Required work »
Please produce a character-exact copy of the listing that follows, omitting all images.

Dataset extract »

-=-=-=-=-

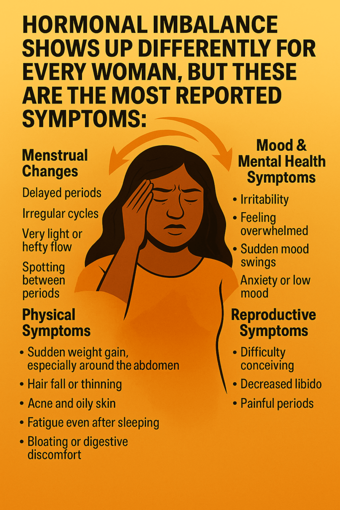 It doesn’t happen overnight. It builds silently — through stress, irregular meals, poor sleep, and constant emotional strain — until symptoms start to whisper: irregular periods, unexplained weight gain, acne, hair loss, irritability, or low energy.
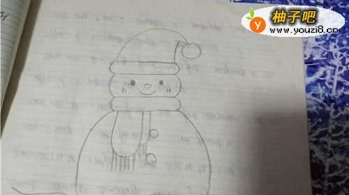 5接下来,再把雪人胖胖的身子画出来,再给雪人把围巾的穗子也用竖线表现出来,如图。
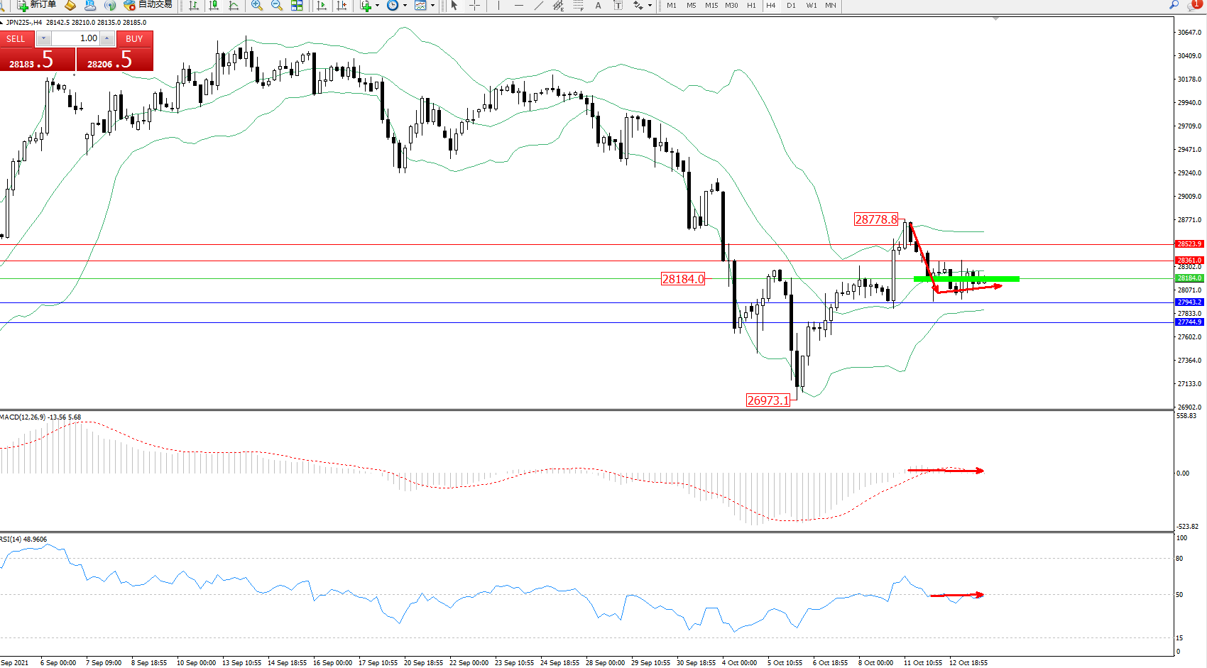技术点评:多头动力维持震荡上移至28778位置后遇阻震荡会呈,高位空头动力维持震荡下行至布林带指标中下轨区间持续整理平移中,布林带指标呈收口走势持续平移,MACD指标处于0轴线附近弱势徘徊,RSI指标处于50均衡线附近持续整理;
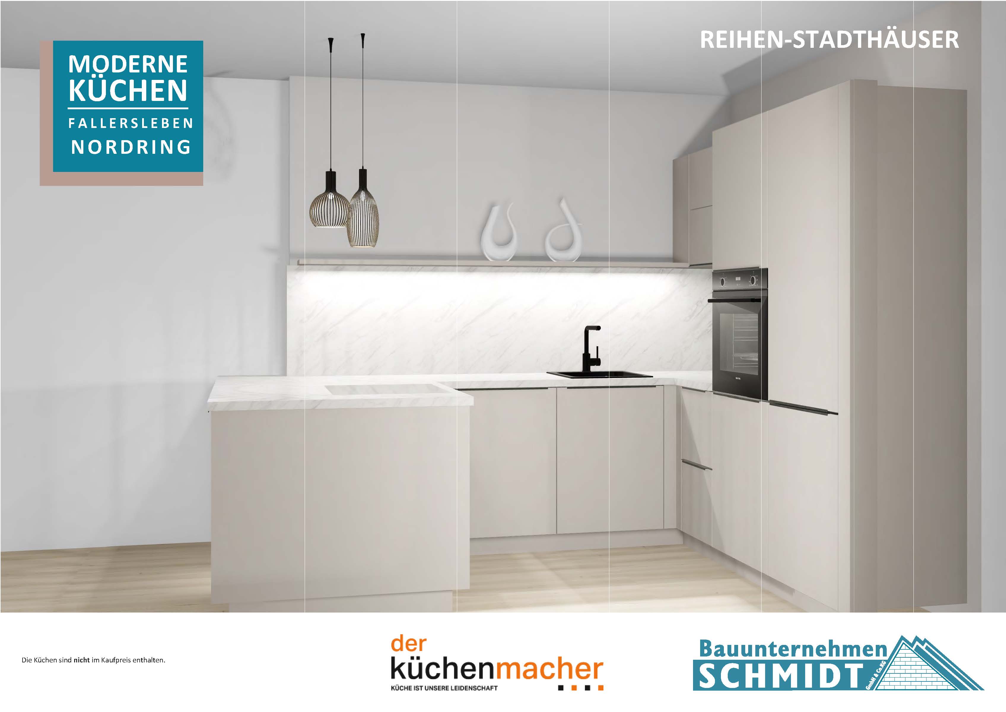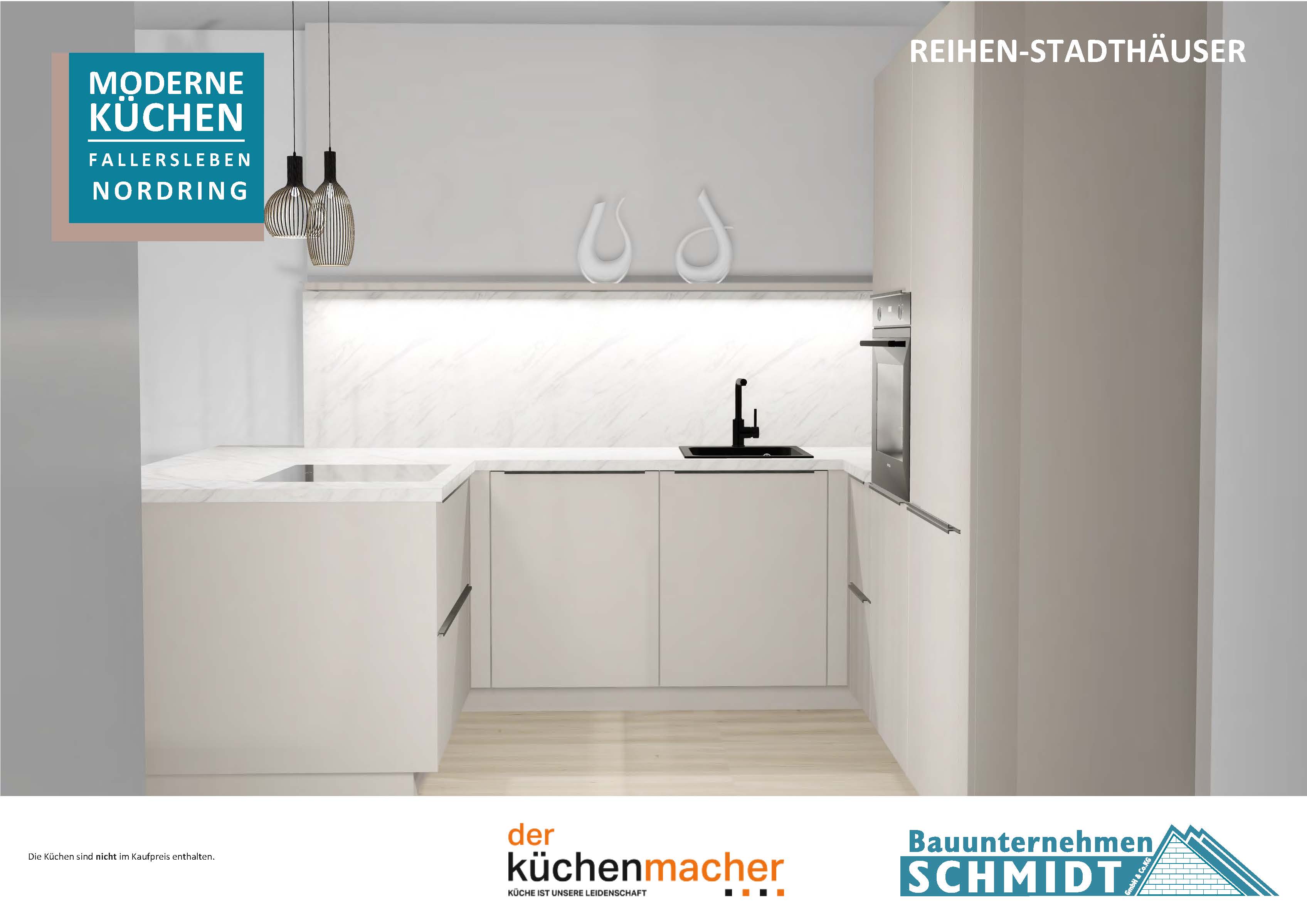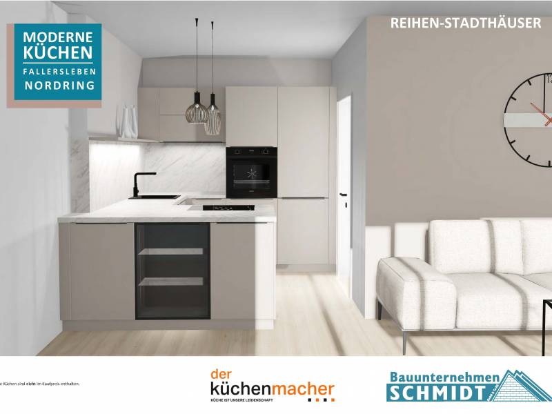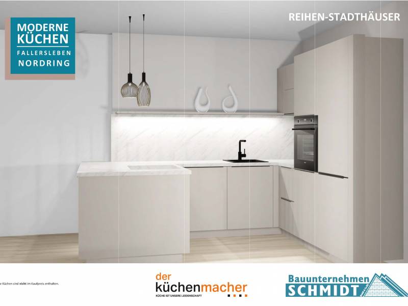 RH3 (Nordring 16c) ist als Musterhaus bereits mit einer Musterküche von "Der Küchenmacher" und mit Bodenbelag "ExponaLiving" ausgestattet (siehe PDF-Dateien), diese Mehrausstattung ist nicht im Kaufpreis enthalten und wird beim Kauf separat abgerechnet! Somit wäre RH03 aber sofort bezugsfertig! Das RH02 (Nordring 16b) und RH04 (Nordring 16e) sind bezüglich der Bodenbelags- und Küchenwahl frei, in Eigenleistung ausführbar oder auf Wunsch über uns gegen Mehrpreis dazu buchbar - sprechen Sie uns gern an!

-=-=-=-=-

Written answer »
 It doesn’t happen overnight. It builds silently — through stress, irregular meals, poor sleep, and constant emotional strain — until symptoms start to whisper: irregular periods, unexplained weight gain, acne, hair loss, irritability, or low energy.
 5接下来,再把雪人胖胖的身子画出来,再给雪人把围巾的穗子也用竖线表现出来,如图。
技术点评:多头动力维持震荡上移至28778位置后遇阻震荡会呈,高位空头动力维持震荡下行至布林带指标中下轨区间持续整理平移中,布林带指标呈收口走势持续平移,MACD指标处于0轴线附近弱势徘徊,RSI指标处于50均衡线附近持续整理;
 RH3 (Nordring 16c) ist als Musterhaus bereits mit einer Musterküche von "Der Küchenmacher" und mit Bodenbelag "ExponaLiving" ausgestattet (siehe PDF-Dateien), diese Mehrausstattung ist nicht im Kaufpreis enthalten und wird beim Kauf separat abgerechnet! Somit wäre RH03 aber sofort bezugsfertig! Das RH02 (Nordring 16b) und RH04 (Nordring 16e) sind bezüglich der Bodenbelags- und Küchenwahl frei, in Eigenleistung ausführbar oder auf Wunsch über uns gegen Mehrpreis dazu buchbar - sprechen Sie uns gern an!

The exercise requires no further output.